Nicolas Anelka et la phrase surprenante du sélectionneur des Bleus, Jacques Santini

Depuis la diffusion en 2020 du documentaire Anelka: l’incompris sur Netflix, une scène a particulièrement retenu l’attention des amateurs de football. Nicolas Anelka, attaquant au parcours exceptionnel, y évoque un échange pour le moins singulier avec le sélectionneur des Bleus de l’époque, Jacques Santini. Cet épisode, survenu dans les vestiaires de Manchester, illustre à quel point la carrière internationale d’Anelka a été marquée par des incompréhensions et des tensions.

EN BREF

  • Un échange mémorable entre Anelka et Santini après un derby de Manchester.
  • La phrase « Je ne te connaissais pas trop » a laissé Anelka perplexe.
  • Des tensions récurrentes entre le joueur et la direction technique de l’équipe de France.

Le 2003, lors d’un derby où il brille sous le maillot de Manchester City, Anelka reçoit la visite de Jacques Santini, qui venait l’observer.

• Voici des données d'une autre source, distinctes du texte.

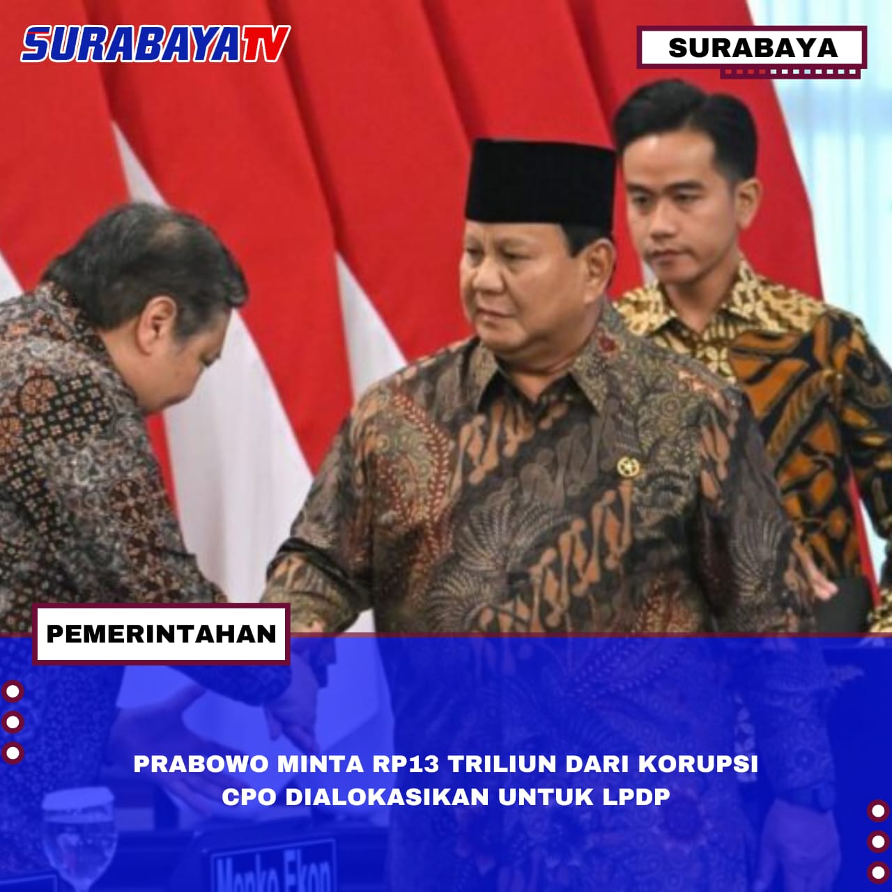 Surabaya – Presiden Prabowo Subianto meminta Menteri Keuangan Purbaya Yudhi Sadewa mengalokasikan sebagian hasil pengembalian uang korupsi ekspor CPO sebesar Rp13 triliun untuk memperkuat dana abadi pendidikan yang dikelola LPDP. Prabowo menyatakan, “Mungkin sebagian bisa kita taruh di LPDP untuk masa depan ya,” saat Sidang Kabinet Paripurna di Istana Negara, Jakarta. Pemerintah juga berencana menambah dana LPDP dari efisiensi anggaran dan hasil penindakan kasus korupsi lainnya.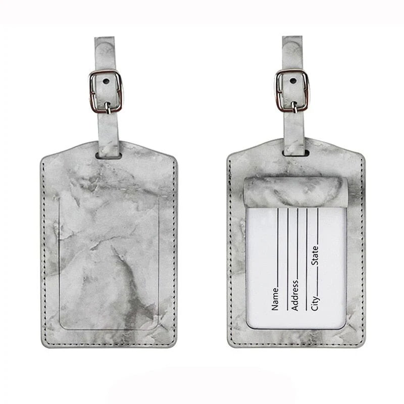 Votre bonne vielle valise vous accompagne partout depuis des années ? Cette super Étiquette à Bagage couleur Marbre est faite pour vous ! Grâce à sa sangle réglable, elle s’attachera facilement à votre valise et permettra de l’identifier rapidement en cas de perte tout en lui donnant plus de style.

La rencontre, qui aurait pu marquer le retour d’Anelka en équipe nationale, prend une tournure inattendue lorsque le sélectionneur lâche : « Je ne te connaissais pas trop. » Pour un joueur ayant déjà connu le PSG, Arsenal et le Real Madrid, cette phrase semble presque surréaliste.

Agacé par cette déclaration, Anelka décide quelques semaines plus tard de décliner une convocation pour un match amical contre la Yougoslavie. Il va même jusqu’à affirmer qu’il ne reviendra que si Santini se met « à genoux. » Dans le documentaire, il explique avoir ressenti que la sollicitation était forcée, révélant ainsi une blessure d’ego profonde qui a perduré tout au long de sa carrière.

Né à Trappes et formé à l’Institut National de Football (INF) de Clairefontaine, Anelka est rapidement reconnu pour son talent exceptionnel. Thierry Henry, dans le même documentaire, se souvient de lui comme « le plus doué, avec un don. » Malgré ses succès, Anelka traîne une réputation difficile à assumer, souvent perçu par la presse et le public comme un joueur à problèmes.

Un autre épisode marquant de sa carrière a eu lieu à Liverpool, où Gérard Houllier explique que « les agents d’Anelka négociaient avec d’autres clubs. » Cette situation a engendré des tensions au sein de l’équipe, le joueur étant étiqueté comme appartenant à un « clan. » Anelka, cependant, rejette cette notion, affirmant que cette étiquette ne s’applique qu’à ceux issus de quartiers défavorisés.

Les blessures d’ego d’Anelka se sont accentuées après son absence lors de la Coupe du Monde 2002 et son échange avec Santini. En 2010, lors de la Coupe du Monde en Afrique du Sud, il ressent à nouveau une forme de ciblage, surtout après un incident avec Raymond Domenech qui a conduit à une couverture médiatique négative. La presse titra « Va te faire enculer, sale fils de pute, » une phrase qui le marquera durablement.

Anelka se positionne alors comme « première victime » d’un traitement médiatique qu’il juge injuste. William Gallas, ancien coéquipier, renchérit en affirmant qu’Anelka n’a jamais proféré les mots qui lui ont été attribués. Domenech, quant à lui, a toujours soutenu que le joueur avait tenu des propos inappropriés à son égard, alimentant ainsi les tensions.

Au-delà de la simple anecdote, cet épisode met en lumière les relations complexes entre les joueurs et les sélectionneurs au sein de l’équipe nationale. La carrière d’Anelka, ponctuée de succès mais aussi de polémiques, est révélatrice d’un climat souvent tendu, où les attentes et les jugements peuvent avoir des conséquences durables sur la psychologie des sportifs.